So, this seems strange, to me, and maybe misses the point of the web entirely.
I'm not talking about bolted-on "social" features. There are entire multi-billion dollar industries built on categories of software that did not exist in 1990.
Google Docs isn't merely a word processor (spreadsheet, etc.) with social features...the "chat" is ancillary to the real benefits; it's an entirely different way to work with documents, and that's one of the examples of things that's extremely close to 80s/90s tech; it looks just like a word processor, and people from 1990 would know how to use it. But, it's not the same thing, and before it (and some other online document tools) came along, Word had extremely limited sharing capabilities (requiring ridiculous intranet servers to host the shared docs, and it was basically the same as passing it around via email only with slightly better revision control).
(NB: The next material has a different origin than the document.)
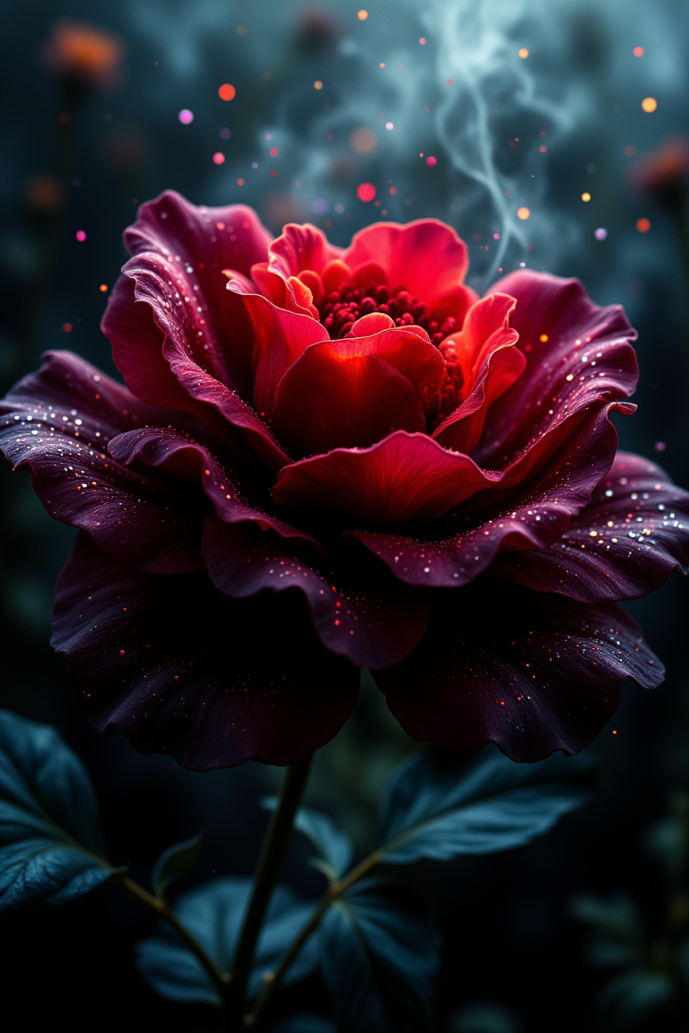 "A close-up of a beautiful black and red rose with dew drops on its petals, glistening under the soft light of a rainy day. The petals are rich, velvety, and deep red, with delicate rain droplets scattered across the surface, reflecting the light. The background is blurred, showing hints of green leaves and a soft mist, evoking a calm, serene atmosphere. The texture of the rose is enhanced by the wetness of the raindrops, giving the flower a fresh, vibrant look. The image conveys both elegance and tranquility, with a sense of natural beauty and renewal.",(masterpiece), best quality, expressive eyes, perfect face,(UHD:1.1),colors,(hyper detailed:1.1),intricately detailed,(fantastical:1),intricate detail,splash screen,(fantasy:1),(4k resolution:1),(masterpiece:1.1),complex background,(intricate detailed:1.1),bright colors,concept art,digital art,intricate,expert,insanely detailed,velvet_myst,aidmafluxpro1.1

That's as close to a traditional app as you can find, and it is still 100% more valuable for being on the web.
What would [ Youtube, facebook, Google Maps, Amazon, craigslist, Netflix, etc. ] look like in a desktop app, and why didn't they exist before they came to the web? The web is a unique (so far) platform with distinct benefits that aren't available to apps in that past. The reverse (desktop/native apps could do things web apps couldn't) was also true until relatively recently, but that's changing, though I don't think the interesting work is in porting native apps to web apps...people will do it, because they can, but the interesting work is in the new things made possible by the web itself.